For our experiments, we use the textClust algorithm [5]. Within the textClust algorithm, the produced micro-clusters mc are represented as 4-tuples:

$$\begin{aligned}mc = (w,t,TF,ID)\end{aligned}$$

The relative importance of a micro-cluster is reflected by its tokens t (namely most describing words) and its weight w. The weight is increased by 1 each time a new observation is allocated to the cluster. To be able to detect concept-drifts and account for temporal changes, the weight is exponentially decayed at each time step by

$$\begin{aligned}f(w) = w * 2^{-\lambda (t_{now}-t}),\end{aligned}$$

where \(\lambda \) denotes the fading factor, \(t_{now}\) the current time and t the time the specific micro-cluster was last updated. A cleanup procedure is applied every \(t_{gap}\) time steps where all micro-clusters below a predefined threshold are removed from the clustering result. The same applies for all tokens within a respective micro-cluster.

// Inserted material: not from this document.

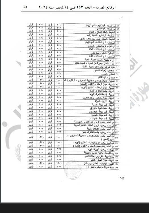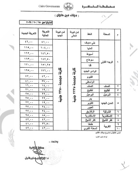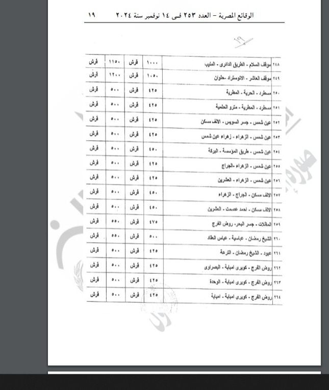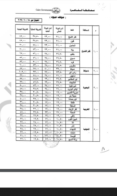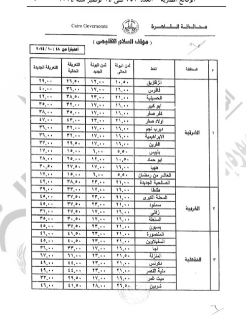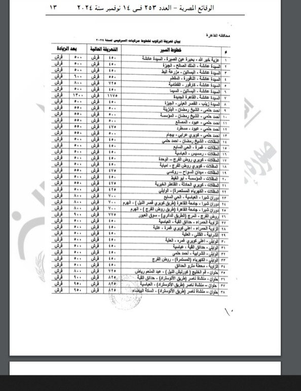 نشرت الجريدة الرسمية قرار محافظة القاهرة بشأن تعريفة الركوب الجديدة بمواقف الأقاليم.

The term frequency of representative cluster words as n-grams is denoted in the tf vector. Distance calculations between two micro-clusters using the cosine similarity are based on the tfidf vectors. Note, that the tfidf representation extends the traditional term frequency by weighting down words that appear in many documents, as they are considered to be less important. For every new observation, first a new micro-cluster is created and second, the distance to all other micro-clusters is calculated. If the new micro-cluster is in small distance (below a certain threshold r) to one of the existing micro-clusters, it is merged with the respective cluster. Otherwise, the new micro-cluster remains and is added to the set of all micro-clusters.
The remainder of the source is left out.